*Assignment*. Pictures excluded, set down exactly the lines from the one containing "The Children’s Place" through the final line of the material, and only those.

*Dataset extract*.
-=-=-=-=-

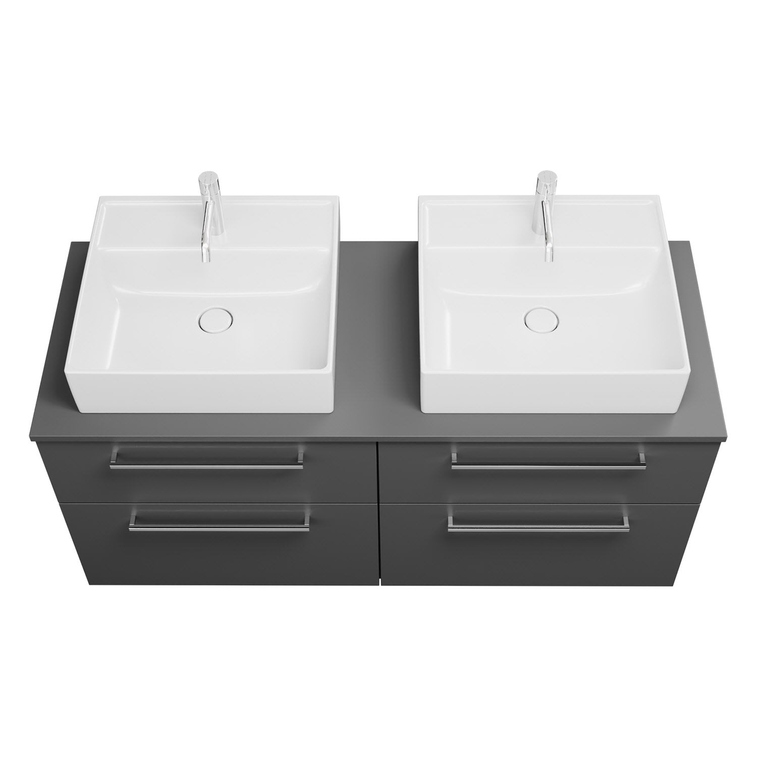 burgbad Eqio Waschtischkombination mit Keramik-Aufsatzwaschtisch 140 cm, links und rechts, mit Stangengriff P95
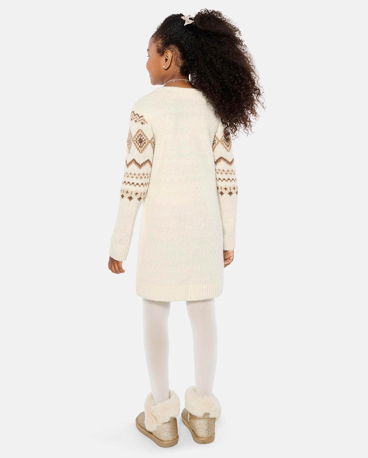 The Children’s Place Girls Puff Sleeve Dress, Long Sleeve(Cream Fairisle)
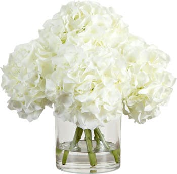 Just like diamonds, this silk hydrangea arrangement is designed to last forever. Inspired by the stunning gardens of the Northeast, this 14-In white hydrangea arrangement brings timeless beauty to your wedding tablescape. Enjoy the elegance of real hydrangeas without the seasonal limitations or upkeep. Standing tall in a clear glass vase filled with our proprietary, fade-resistant Liquid Illusions, this arrangement offers a low-maintenance, high-impact solution for your special day. Create your dream wedding look at a fraction of the cost with this stunning, long-lasting centerpiece. Pairs well with traditional, modern, contemporary and classic styles, mix and match with other arrangements for an elevated look.
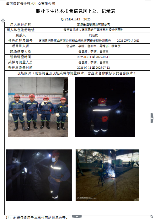 職業(yè)衛(wèi)生技術(shù)報(bào)告信息網(wǎng)上公開【富源縣色水煤業(yè)有限公司】

-=-=-=-=-

*Exercise output*.
 The Children’s Place Girls Puff Sleeve Dress, Long Sleeve(Cream Fairisle)
 Just like diamonds, this silk hydrangea arrangement is designed to last forever. Inspired by the stunning gardens of the Northeast, this 14-In white hydrangea arrangement brings timeless beauty to your wedding tablescape. Enjoy the elegance of real hydrangeas without the seasonal limitations or upkeep. Standing tall in a clear glass vase filled with our proprietary, fade-resistant Liquid Illusions, this arrangement offers a low-maintenance, high-impact solution for your special day. Create your dream wedding look at a fraction of the cost with this stunning, long-lasting centerpiece. Pairs well with traditional, modern, contemporary and classic styles, mix and match with other arrangements for an elevated look.
 職業(yè)衛(wèi)生技術(shù)報(bào)告信息網(wǎng)上公開【富源縣色水煤業(yè)有限公司】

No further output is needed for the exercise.